Cyber City Oedo 808, 1995

Three career criminals are given the chance to reduce their life sentences by taking on the hardest techno-crime cases the future has to throw at them. The catch? They all wear explosive collars that will detonate if they fail.

I thought I knew a lot about anime in 1995, but Cyber City Oedo 808 was a new one on me.

In the course of Studio Go!’s work for Central Park Media, our operating procedure was to draw whatever comics our client wanted. The choices were dictated by (A) which titles CPM Prez John O’Donnell liked most and (B) which titles he’d acquired publishing rights for. Neither John Ott, Bruce Lewis, nor myself were participants in that process, and we didn’t need to be. All we knew going in was that Project A-ko 2, Gall Force, and M.D. Geist had been secured for launch.

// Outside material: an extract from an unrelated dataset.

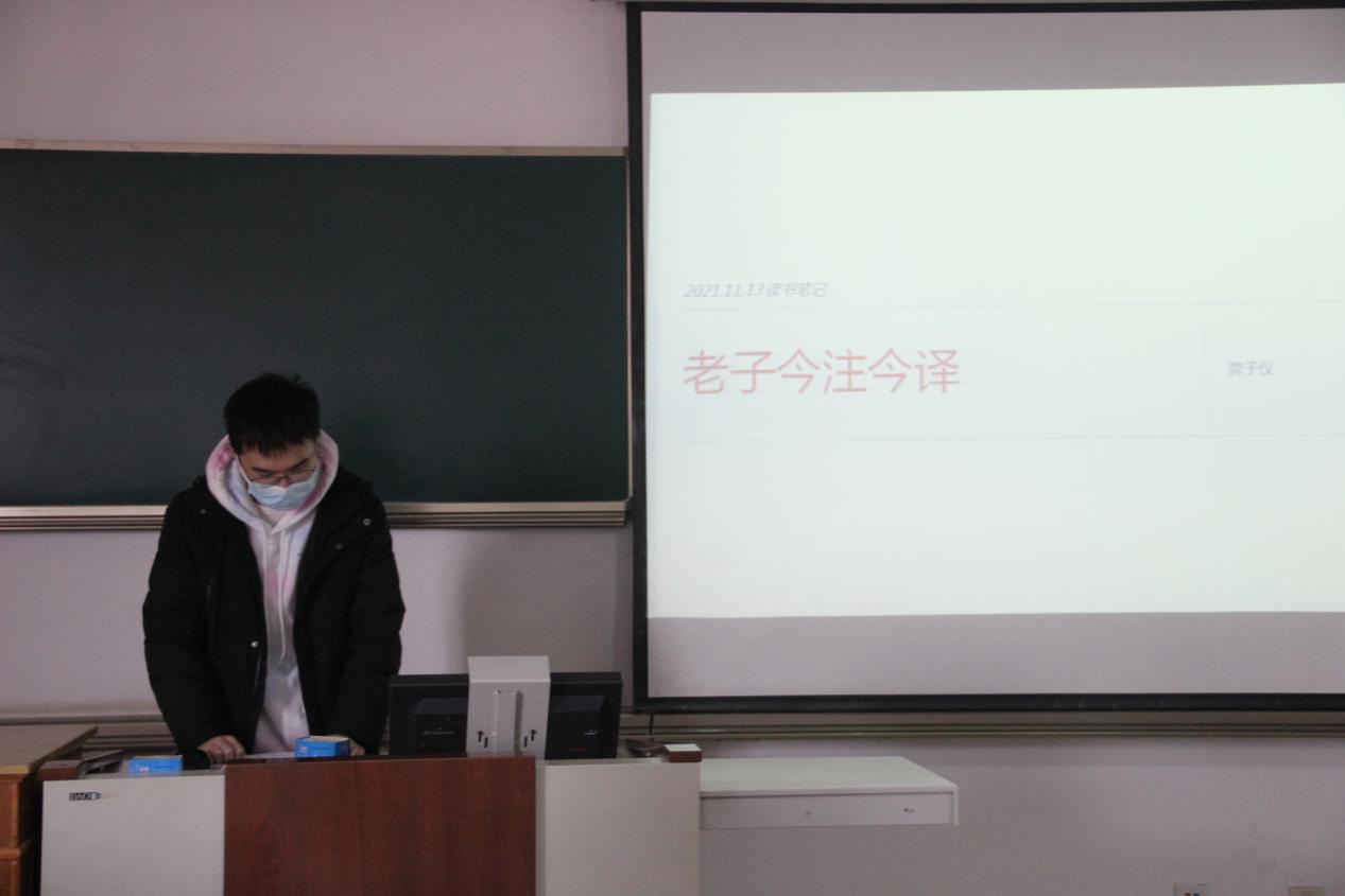 随后,2021级高亮同学分享了李泽厚的《中国古代思想史论》。本书主要介绍了先秦至明清的各种主要思潮、派别和代表人物。其中着重论证了中国的辩证法是“行动的”,而非“思辨的”,论说了秦汉时期所形成的具有有机反馈机制的“天人感应”宇宙观流传至今的原因,庄子、禅宗之哲学是对人生形而上美学的探究和追求,宋明理学作为道德形而上学的价值以及明清时期“内圣”和“治法”的分离趋势等内容。
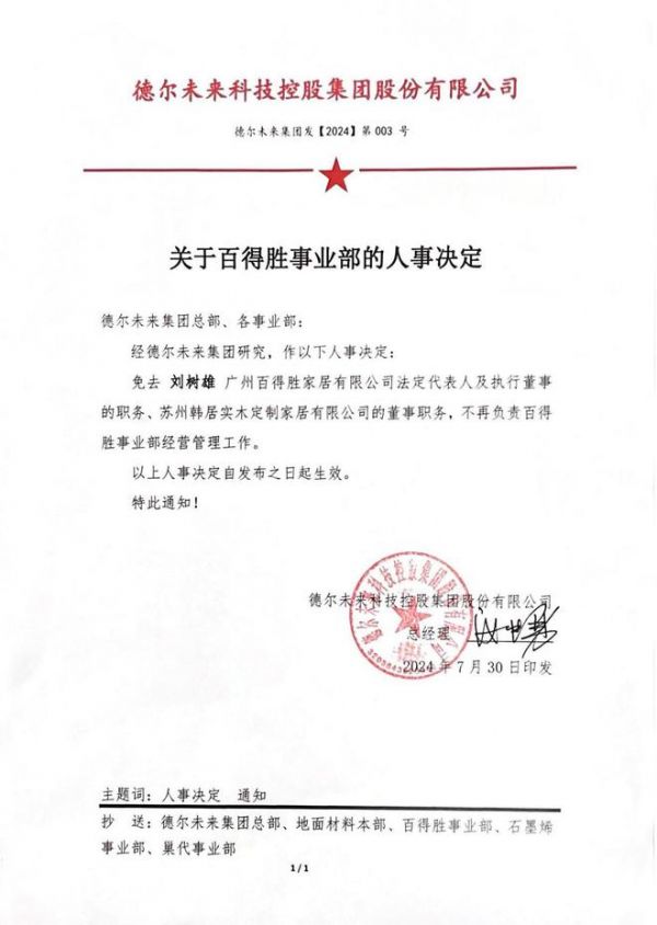 德尔未来集团关于百得胜事业部的人事任免决定。

Then, one day out of the blue, we heard that our next project would be something called Cyber City. Created by Japan’s Studio Madhouse and directed by anime auteur Yoshiaki Kawajiri, it was a 3-episode OVA (Original Video Anime) series. The episodes had been released June 1990, December 1990, and October 1991. They were accompanied by three novels and a video game, and I had somehow lived my life without hearing about any of them.


Japanese promotion

That’s not really a surprise; I was still into anime, but wasn’t collecting everything under the sun the way I used to. By this time, underground VHS tape trading with other collectors had been largely supplanted by legitimate imports (from Central Park Media and its rivals), so most of the new stuff came through that channel. And, to be honest, a lot of it didn’t catch my eye. The OVA format was born in late 1983 when home video rentals became profitable enough for anime productions to bypass film and TV and go direct to tape. As you can guess, this set the table for some very special projects. OVAs were still being made into the 90s, but were a lot less special than they used to be.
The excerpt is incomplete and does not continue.